The idiocy is starting early this year.  In Wisconsin this year, the huge decorated evergreen put in the Capitol rotunda in November will not be a Christmas Tree, but a “holiday” tree per Governor Evers. Well, Governor, what holiday is the tree celebrating?

In Portsmith, New Hampshire  Leaders at the UNH & Seacoast Chabad Jewish Center requested that a 9-foot ‘menorah” be placed in Portsmouth’s Market Square during the eight days of Hanukkah this December (22nd-30th), which goes against the meaning of the holiday. In the nearby town of Durham, NH:

The Durham town council finds anything having to do with Christmas as too distracting. It has now banned the annual “holiday tree” lighting ceremony as well as Santa Claus’ grand entrance. Oh, the “holiday” tree will still be lit, but under the cover of darkness. And Santa might as well be the impeachment whistleblower. He will apparently just appear out of thin air, rather than be introduced. The council has also banished the wreaths that used to be displayed on town light poles. Why no wreaths? The council worries that they may be construed as being too close an association with Christmas. Oh, the horror.

Next year, explained town manager Todd Selig, the council will look to hang something from the poles — like a “non-descript star” — to “add light and festivus” to the season.

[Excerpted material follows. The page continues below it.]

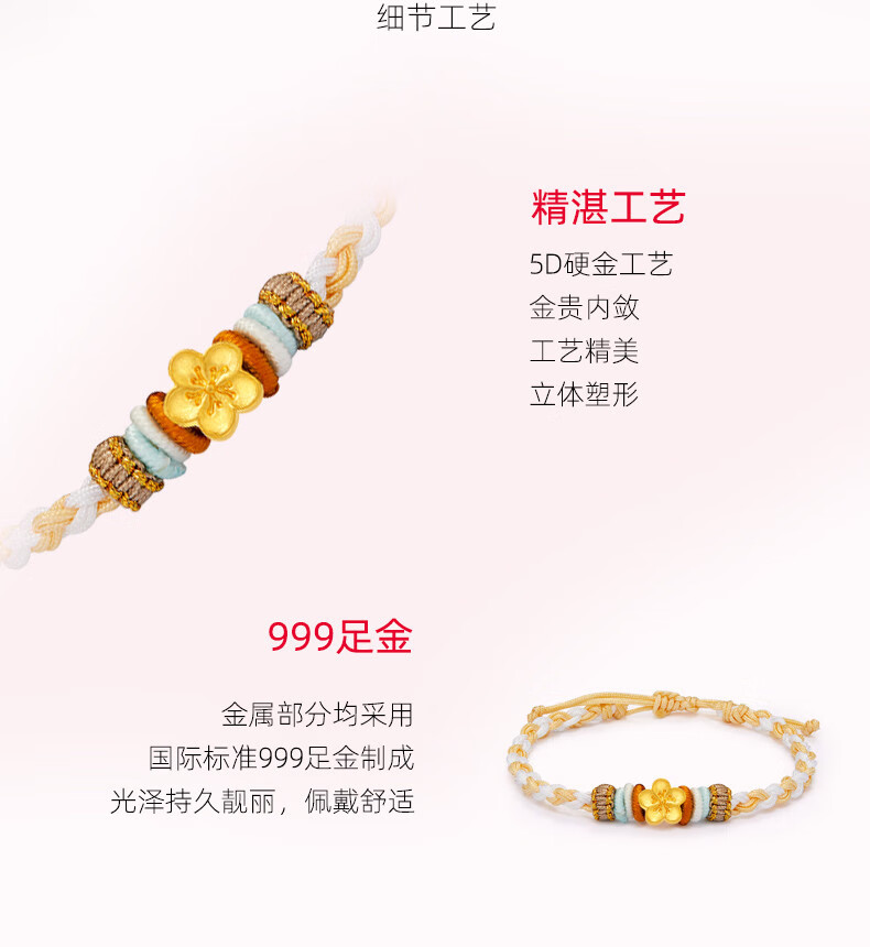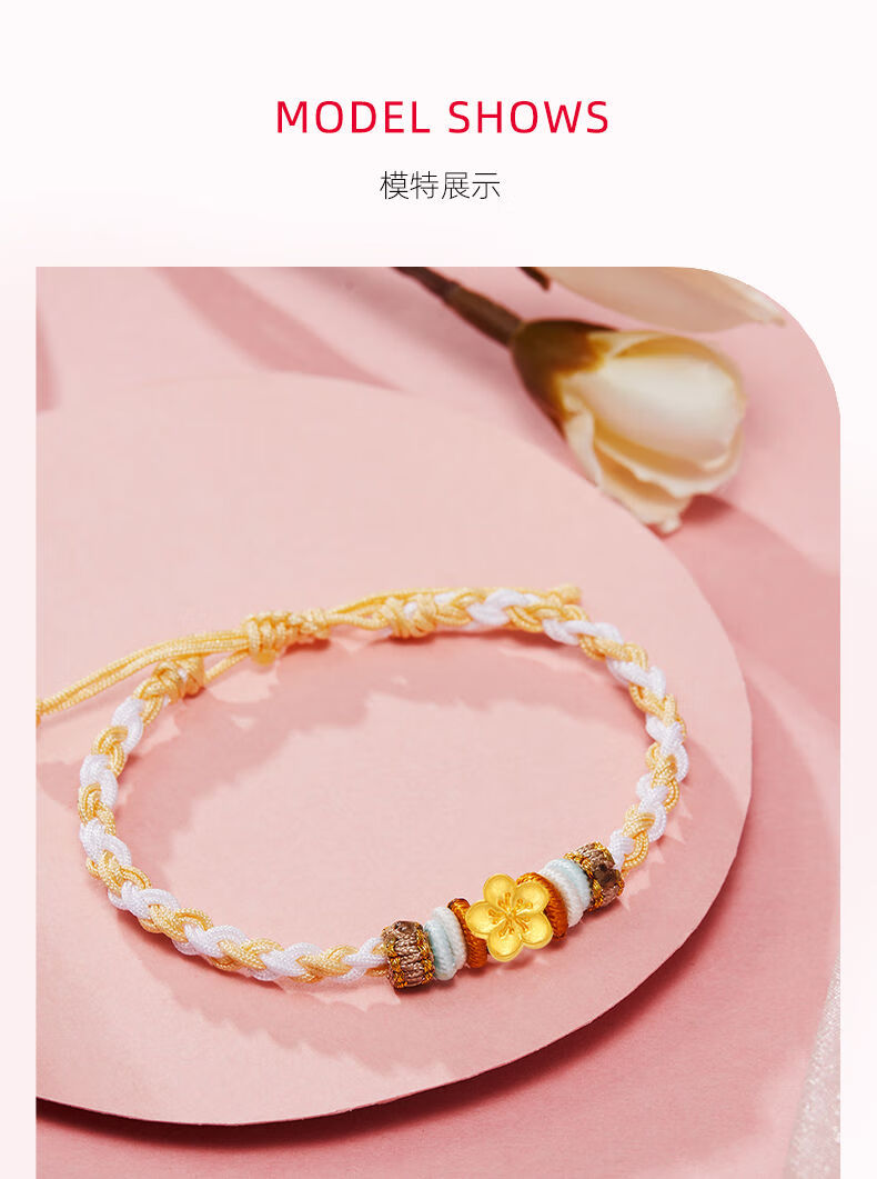 Libiao Small Peach Blossom Bracelet Gold Pure Gold 999 Transfer Beads 5D Hard Gold Bracelet as a Gift for Your Girlfriend Small Peach Blossom Bracelet About 0.12g - Light Gold

Last year Durham received a request from the Chabad to put a  Menorah Chanukiah next to their tree. They said no, that’s why they turned to “Festivus.’ And Portsmith probably won’t be far behind in celebrating Festivus.

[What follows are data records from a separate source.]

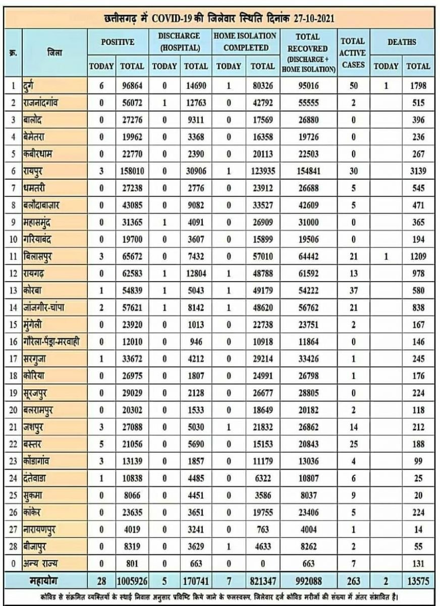 रायपुर। कोरोना वायरस को लेकर छत्तीसगढ़ स्वास्थ्य विभाग ने मेडिकल बुलेटिन जारी किया  बुलेटिन के मुताबिक प्रदेश में आज 28 नए कोरोना मरीजों की पहचान की गई है. और 12 मरीज स्वस्थ्य होने उपरांत डिस्चार्ज किये गए वही कोरोना  से बिलासपुर व दुर्ग में की इलाज के दौरान मौत एक एक जाने गई। कहां कितने मरीज मिले जानने के लिए देखें पूरी सूची -
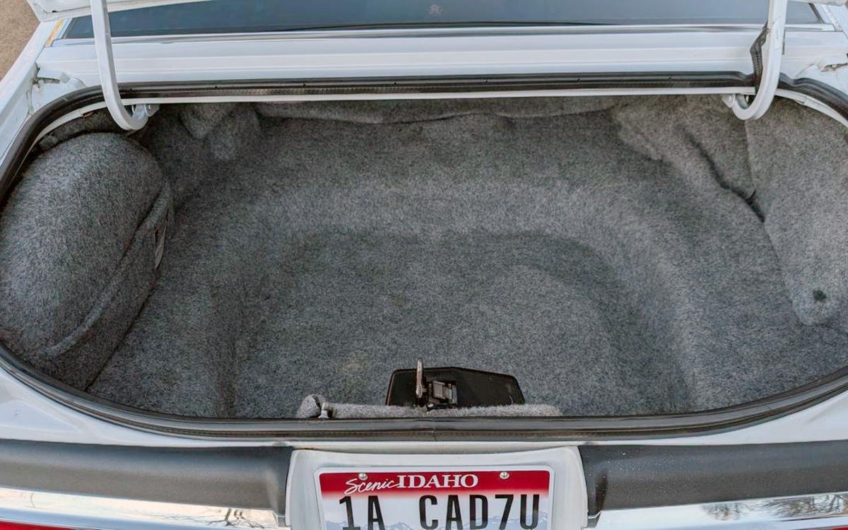 Lincoln made the Mark VII for model years 1984 through 1992, and it was known as the Continental Mark VII for 1984 and 1985. Then, the Continental name went away, and it became the Lincoln Mark VII. Whatever the name, these are still very nice cars. Here’s what the trunk looks like inside. I thought for sure there would be a spare tire on the inside, where the indent is shown on the trunk lid (kidding).
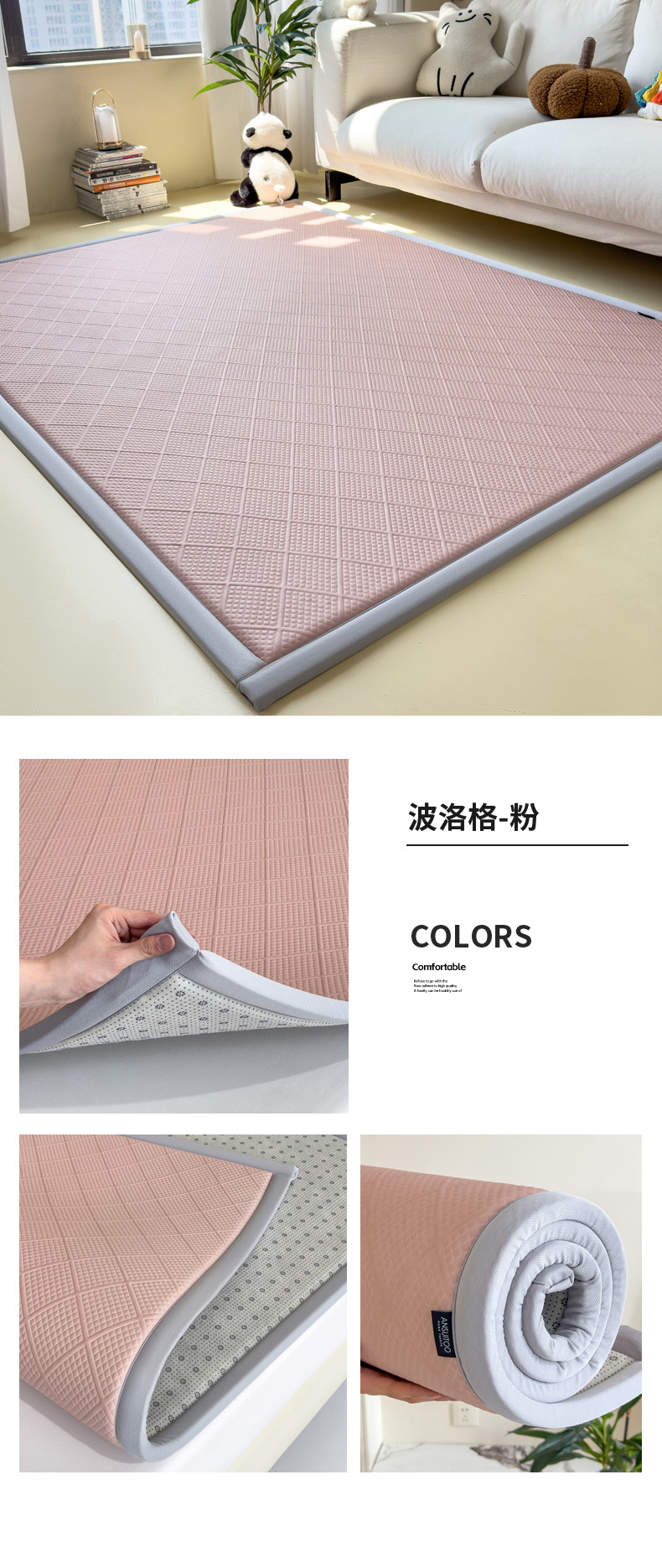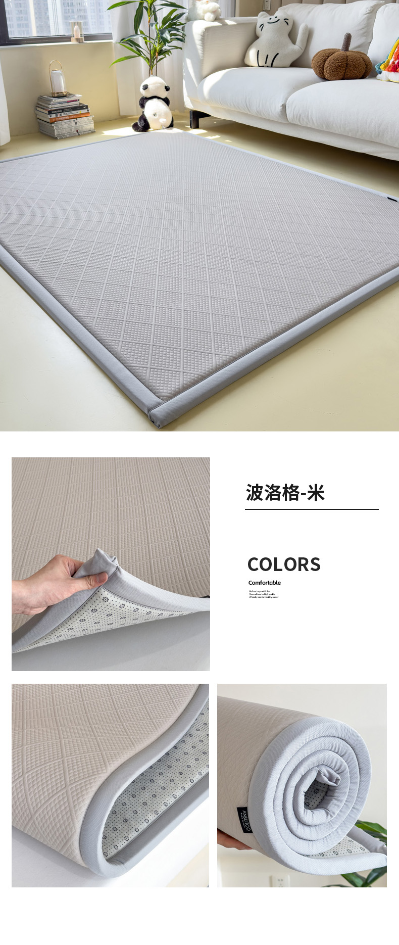 (总)席世家 2025新款凉感豆豆多功能地垫凉席垫,波洛格-粉,波洛格-灰,波洛格-蓝,波洛格-米,小熊-粉,小熊-蓝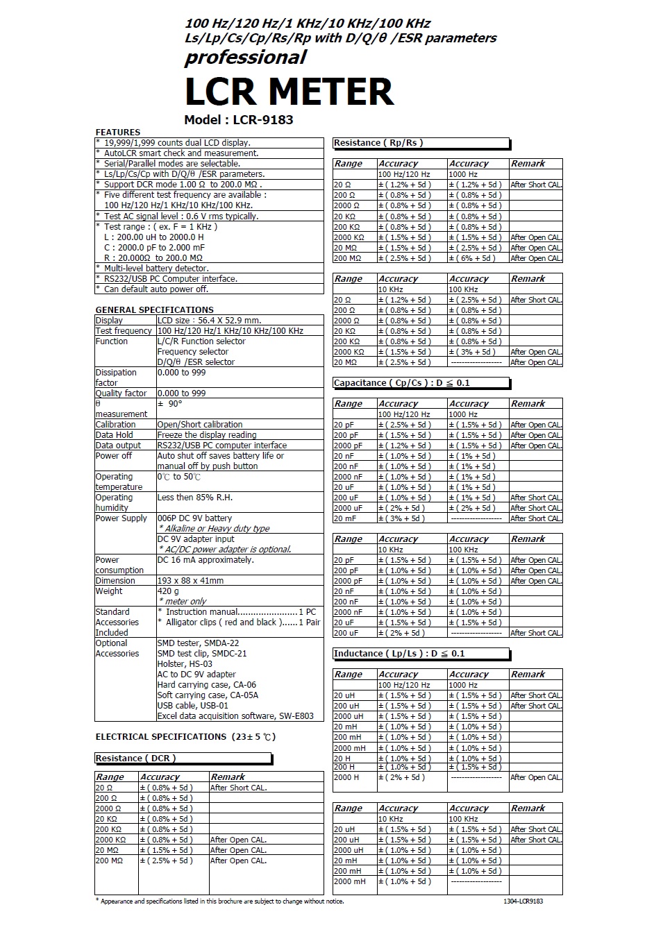 LCR METER - LCR-9183 專業型掌上型電阻/電容/電感測量儀錶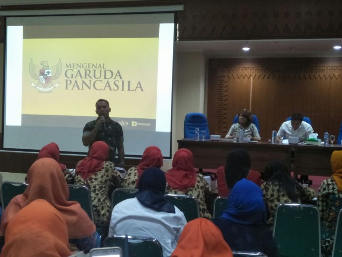 Jakarta – Danramil 07/ Kemayoran Dim 0501/Jakarta Pusat Mayor Inf Harry Ismail memberikan materi penyuluhan tentang Implementasi Pancasila dalam kehidupan sehari-hari kepada anggota PKK Kecamatan Se-Walikota Jakarta Pusat, dipimpin Asisten Pemerintahan Jakarta Pusat Sujanto Budiroso, S. Sos, M. Si di Kantor Walikota Jakarta Pusat, Rabu (25/10/2017).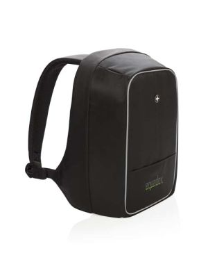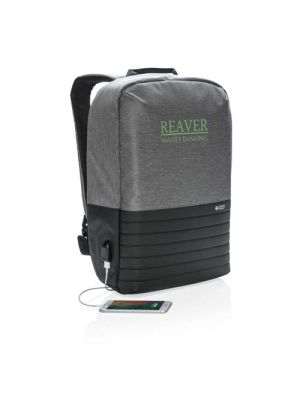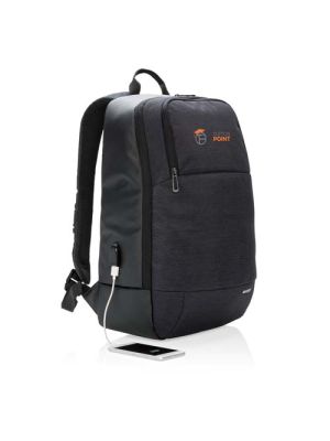 Mochila de poliéster 1680D y 600D para portátiles de hasta 15.6” con material a prueba de cortes, cierres ocultos y bolsillos escondidos para mantener todas tus pertenencias a salvo. Podrás conectar tu powerbank gracias a su puerto USB integrado y así poder cargar tu teléfono o tu tablet mientras te mueves. Incluye correa para trolley. Sin PVC. Diseño registrado®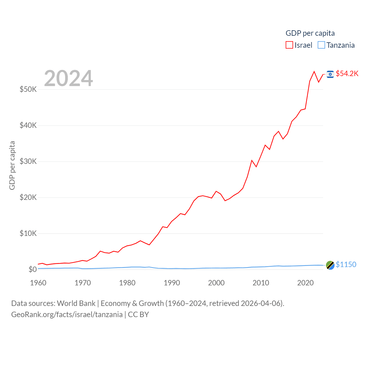 By GDP, Israel ranks 29/197 ($540B) and Tanzania ranks 82/197 ($78.8B). By GDP per capita, Israel ranks 21/197 ($54,177), while Tanzania ranks 170/197 ($1,150).

Stop it!!! Chanukah is not the Jewish Christmas

It makes me crazy. People who see December as an opportune time for the celebration of politically correct multicultural nonsense have to stop! I understand that they are trying to be fair, but it’s idiotic and ruins the meaning of my holiday, Hanukkah (note Hanukah has many spellings, and I try to use them all). Even the Jewish organizations trying to push for a Chanukiah next to every Christmas tree do not comprehend the full meaning of Hanukkah.

We appreciate the thought, but it’s sacrilegious. Nothing goes against the true meaning of Chanukah more than placing a Chanukkiyah near a “holiday tree” or using a Magen David (Jewish star)  as a tree ornament. The true meaning of Chanukah is the exact opposite of that multicultural rubbish.

Only one part of the story was the Maccabees fight for getting the Syrian-Greeks out of Israel, and the cleansing and dedication of the Temple. The Hanukkah Story about a civil war amongst the Jews. Judah Maccabee and the boys were fighting other Jews who had turned away from their faith by combining it with Greek/Hellenistic practices. The resulting assimilation caused a loss of Jewish faith and tradition, and eventually, the Hellenists laws against practicing Jewish rituals.

Let me suggest that if Matthias and his sons were alive today, they would be fighting every Jew who wanted a nine-foot menorah next to a Christmas tree, a star of David next to a cross, or even the massive multi-holiday Christmas, Chanukah, Kwanzaa, Festivus and Winter Solstice display.

I would also suggest that all Jewish people who celebrate both holidays “have a Christmas Tree for the kids,” a Hanukkah Bush, or talk about Hanukkah Harry are also missing the meaning of Chanukah. The Maccabees were horrified when an idol was placed in the holy Temple. Rather than trying to fit with “modern” culture, they wanted to make sure that the House of God was a Jewish household. To remember the Maccabees, we should do the same with ours.

As Jewish holidays go, Chanukah is among the least important, unlike the big ones–holidays” like Passover, Sukkot, or Shavuot, which were ordained in the Torah, on Hanukah which was created by Rabbis, you can work, drive, etc.

America is not supposed to be a melting-pot its more like a gumbo where all the elements are in the same pot, existing together, but maintaining its original form. As Americans, we are all different, and we must celebrate those differences, not merge them into one hodgepodge of progressive mediocrity celebrating everything at the same time because that is celebrating absolutely nothing.

The Rabbis tell us that we are not to use the Chanukah candles for reading or seeing, as we would with a regular candle or a light bulb. The Chanukkiyah is supposed to be placed near a window, so the light of God and his miracles will shine outward into the world. Mixing up Chanukah with other people’s traditions diminishes the light and message of Chanukah as well as those different traditions.

And to my Christian friends: Please don’t go get assimilated on me either. That tree in the mall, town square, or your living room is a Christmas tree, not a holiday tree. Santa is not a secular character; he is Saint Nick. You have a beautiful tradition. “Keep the Christ in Christmas.” Don’t try to make it politically correct by taking away its religious nature. And don’t take away the sacred nature of Hanukkah by shoving it down the collective throats of public Christmas displays.

America is a great country. It is great not because everyone celebrates the same, but because we can all celebrate our differences.